Supplied material →
===

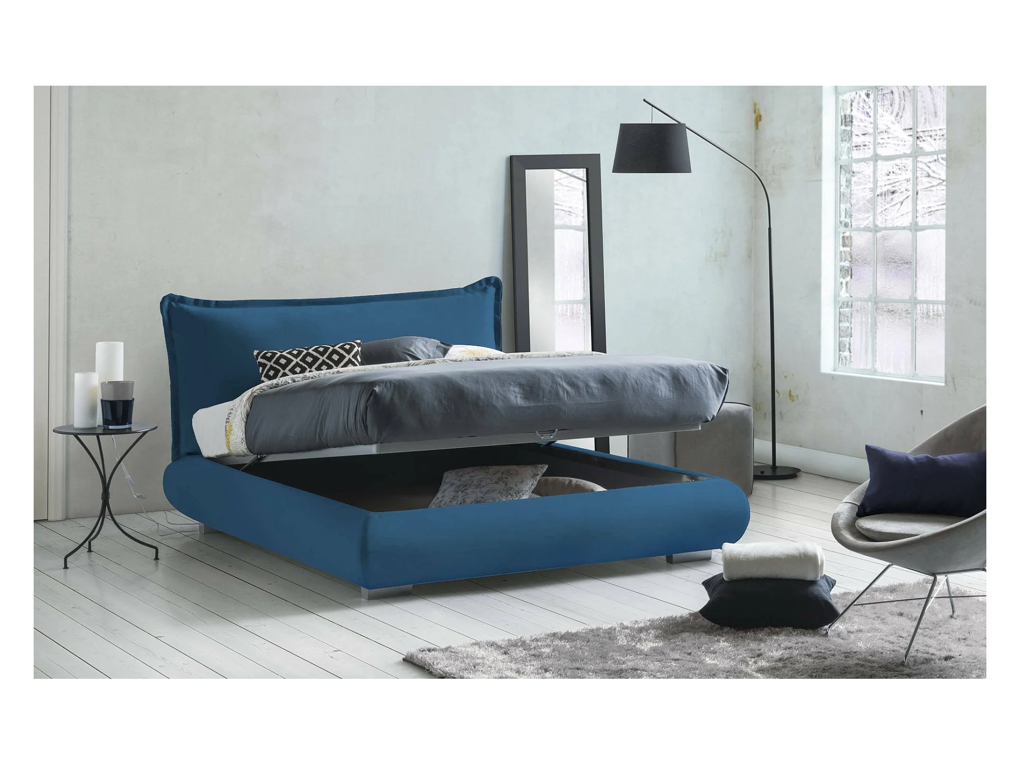 Doppelbett Ilenia, Bettkasten mit Stoffbezug und Kopfteil, 100 % Made in Italy, Öffnung vorne, geeignet für Matratzen 160 x 190 cm, Blau
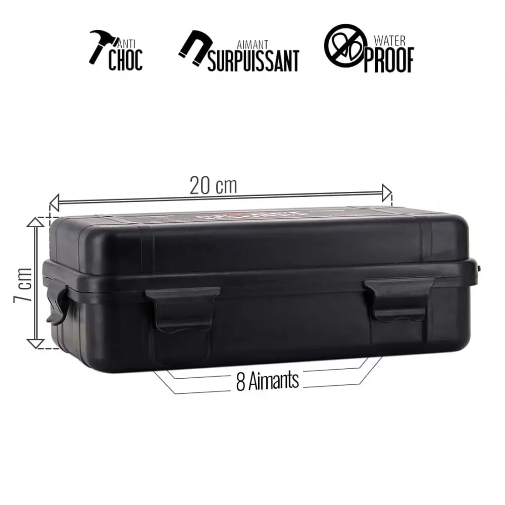 large magnetic black plastic box.. hiding box that can fit almost anywhere out of sight of all.. . matter. plastic.
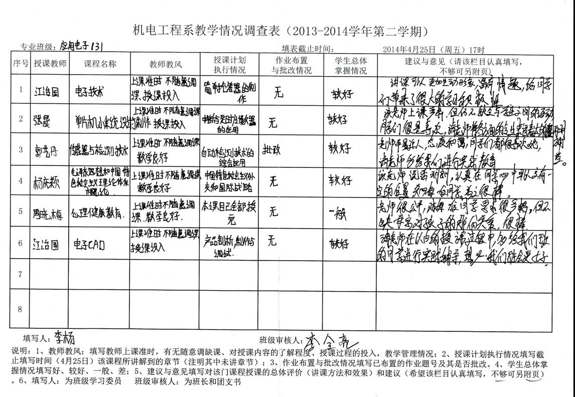 为配合2013-2014学年第二学期期中教学检查工作开展,切实摸清系属各班级教师教学履职情况和学生掌握情况,根据机电工程系教风、学风建设年实施方案和系督导学期工作计划安排,机电工程系于2014年4月23日至25日成功组织开展了2013-2014学年第二学期期中教学情况调查专项活动,各班学习委员在征求班级全体同学意见的基础上,会同班长、团支书认真填写了教学情况调查表,调查表格填写详实具体,并全部按时收回。
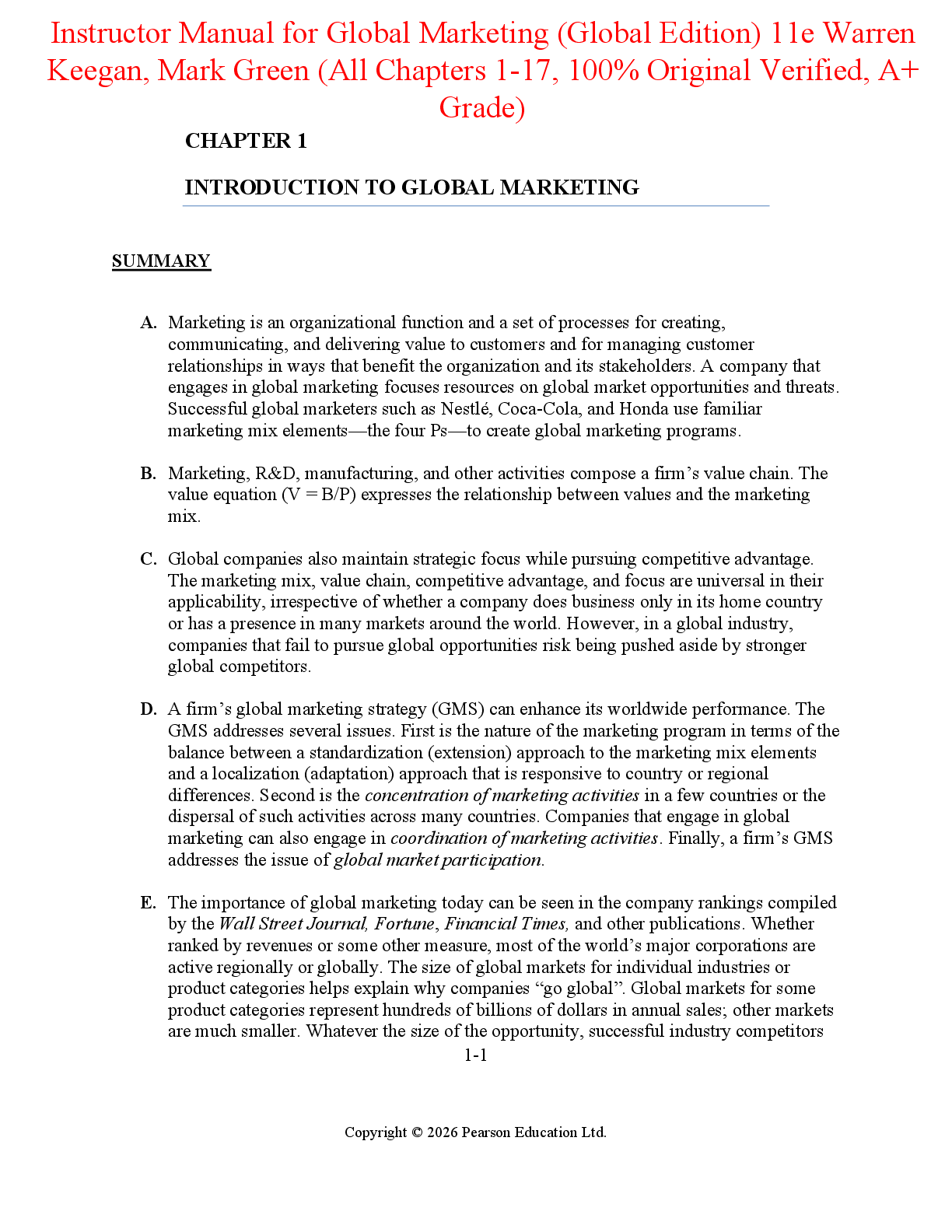 Marketing > INSTRUCTOR MANUALS > Instructor Manual Global Marketing 11th Global Edition By Warren Keegan, Mark Green
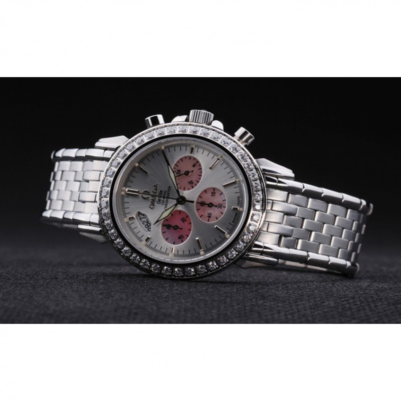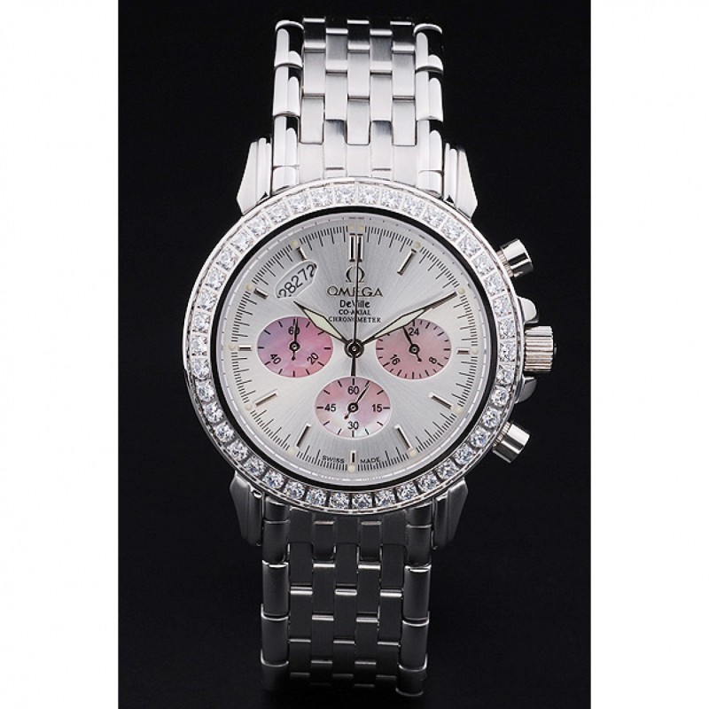 Couronne:couronne en acier inoxydable cutwork poli avec logo Omega et deux couronnes supplémentaires, une de chaque côté de celui-ci

===

Task details → Transcribe the listing word for word, but keep its pictures out of the copy.

Result for this exercise →
 Doppelbett Ilenia, Bettkasten mit Stoffbezug und Kopfteil, 100 % Made in Italy, Öffnung vorne, geeignet für Matratzen 160 x 190 cm, Blau
 large magnetic black plastic box.. hiding box that can fit almost anywhere out of sight of all.. . matter. plastic.
 为配合2013-2014学年第二学期期中教学检查工作开展,切实摸清系属各班级教师教学履职情况和学生掌握情况,根据机电工程系教风、学风建设年实施方案和系督导学期工作计划安排,机电工程系于2014年4月23日至25日成功组织开展了2013-2014学年第二学期期中教学情况调查专项活动,各班学习委员在征求班级全体同学意见的基础上,会同班长、团支书认真填写了教学情况调查表,调查表格填写详实具体,并全部按时收回。
 Marketing > INSTRUCTOR MANUALS > Instructor Manual Global Marketing 11th Global Edition By Warren Keegan, Mark Green
 Couronne:couronne en acier inoxydable cutwork poli avec logo Omega et deux couronnes supplémentaires, une de chaque côté de celui-ci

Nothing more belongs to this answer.